A couple of times during the past few weeks, my wife has been using the hair dryer in the bathroom when the dryer suddenly stops operating and then, maybe 5 or 10 seconds later, the circuit goes out. The bathroom is on a CGFI circuit. When I check it, the circuit breaker has tripped on the breaker panel but the reset button on the CGFI outlet has not popped out. What might be causing that? I thought the CGFI would always trip before the circuit breaker because it is more sensitive to faults.


----------



## JTGP (Jul 21, 2011)

GFCI.

Ground fault circuit interrupter. 

Is the GFCI old? Is it on a GCFI breaker? Does both plugs on the GFCI work?


----------



## nealtw (Jul 21, 2011)

The dryer is not ground faulting, it is drawing to many amps. The fact that the dryer quits first might be a hint.


----------



## ajmuntz (Jul 21, 2011)

Thanks for your help!!

GFCI ... Sorry. The GFCI outlet is about a year old. I don't know whether the circuit breaker is GFCI, but I assume it is, since it was installed by a electrician. Yes, both plugs on the GFCI outlet work.

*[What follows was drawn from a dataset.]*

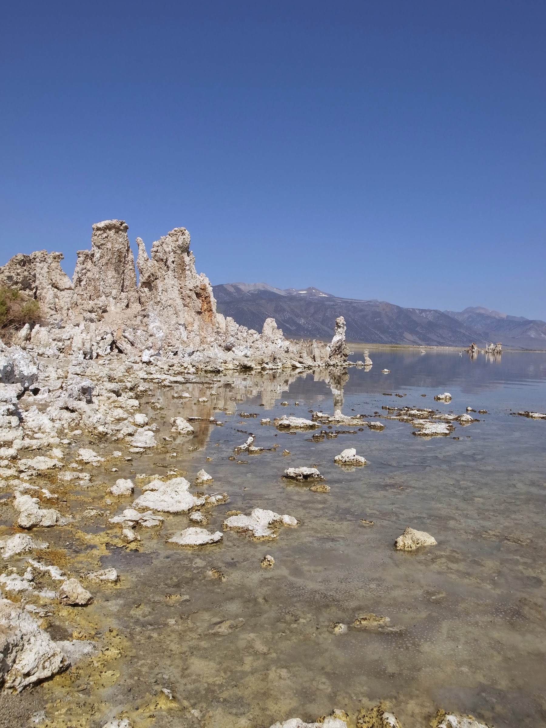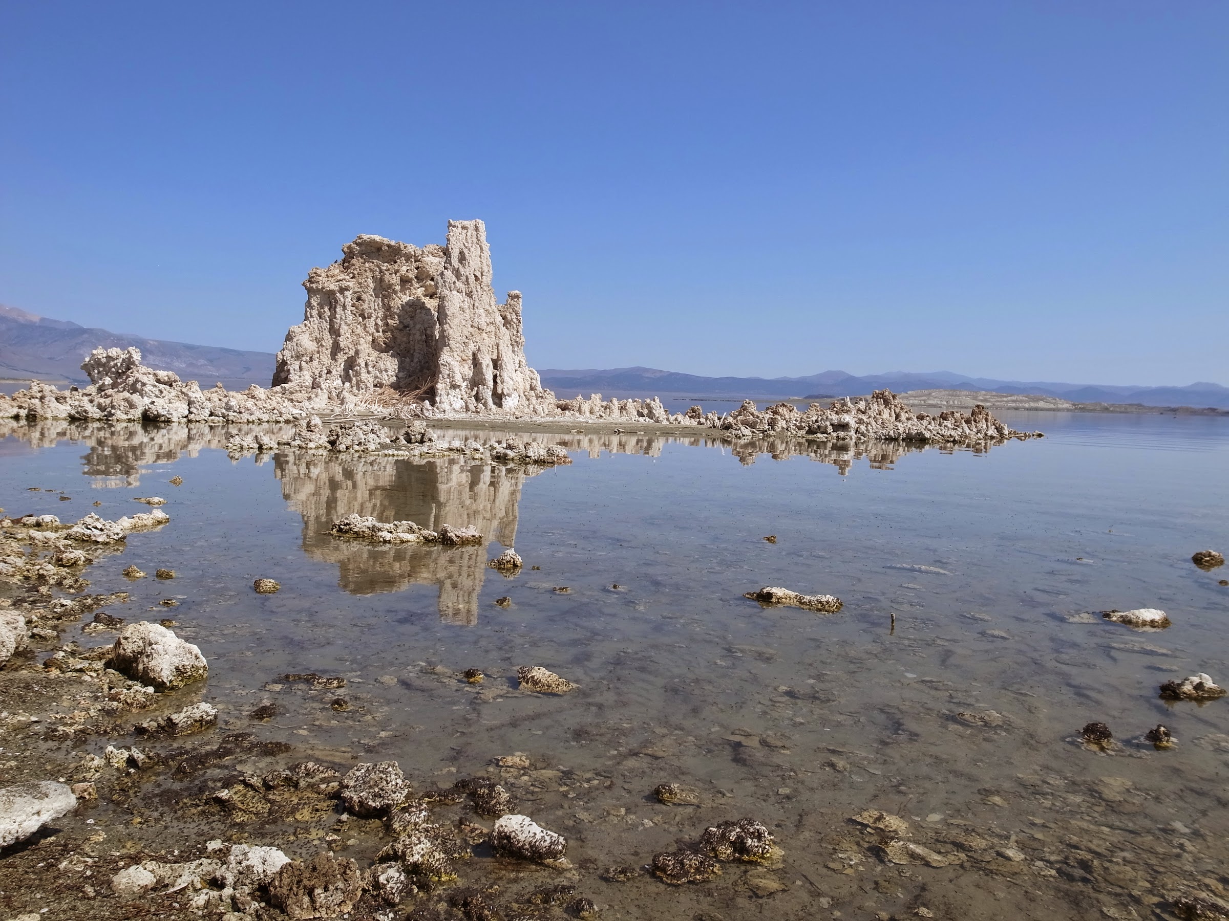 這個湖泊出名的地方在於它奇特的景色。當地下水裡的鈣質碰上了水裡的鹼性物質,長久以來形成了大大小小我們所謂的「tufa」石柱。這些「tufa」其實也就是我們中文裡常說的「石筍」。Mono Lake的這些「tufa」散布在湖中,和湖水相映,型成一幅奇幻瑰麗的美景。看來倒有些桂林山水裡那般石中有水,水中有石,奇石秀水錯落交織的景象。

If the dryer is not ground faulting, does that mean the problem it with the dryer and not the electric system in the house? Is it time to pitch the hair dryer and get a new one?


----------



## kok328 (Jul 21, 2011)

A non-GFI breaker is designed to trip if too many amps are ran through it.
This over amperage can be caused by a short or to high a current.
The GFI outlet does not trip in the even of over amperage.
Conclusion would be that the GFI outlet is working but the hair dryer is pulling too many amps and the breaker is doing it's job.


----------



## JTGP (Jul 22, 2011)

Most hair dryers come protected (AFCI). Have you seen if another hair dryer does the same thing?


----------



## Blue Jay (Jul 22, 2011)

I have seen a weak breaker, try on another circuit of same rating and see what happens.


----------



## ajmuntz (Jul 23, 2011)

Thanks for your continued advice. The problem doesn't occur every time. While the hair dryer is used every day, the problem has only happened twice in the past two or three weeks. My wife purchased a new hair dryer today. We'll see if that solves the problem. If not, then I guess we'll know it's somewhere in the home's electric system.


----------



## JTGP (Jul 23, 2011)

Could be a sensitive GFCI, I have seen to many of those!


----------



## nealtw (Jul 29, 2011)

Check other things running on the same breaker. turn off the breaker and see what else has no power, hood fan in kitchen or?


----------



## Piyush (Aug 4, 2011)

Either put that on a different circuit...or put a switch in line so
that you can turn it off when yer not usin' it.

At the very least, cap it off for awhile so that you can see if it's
really the problem.



Have a nice Labor Day ...


----------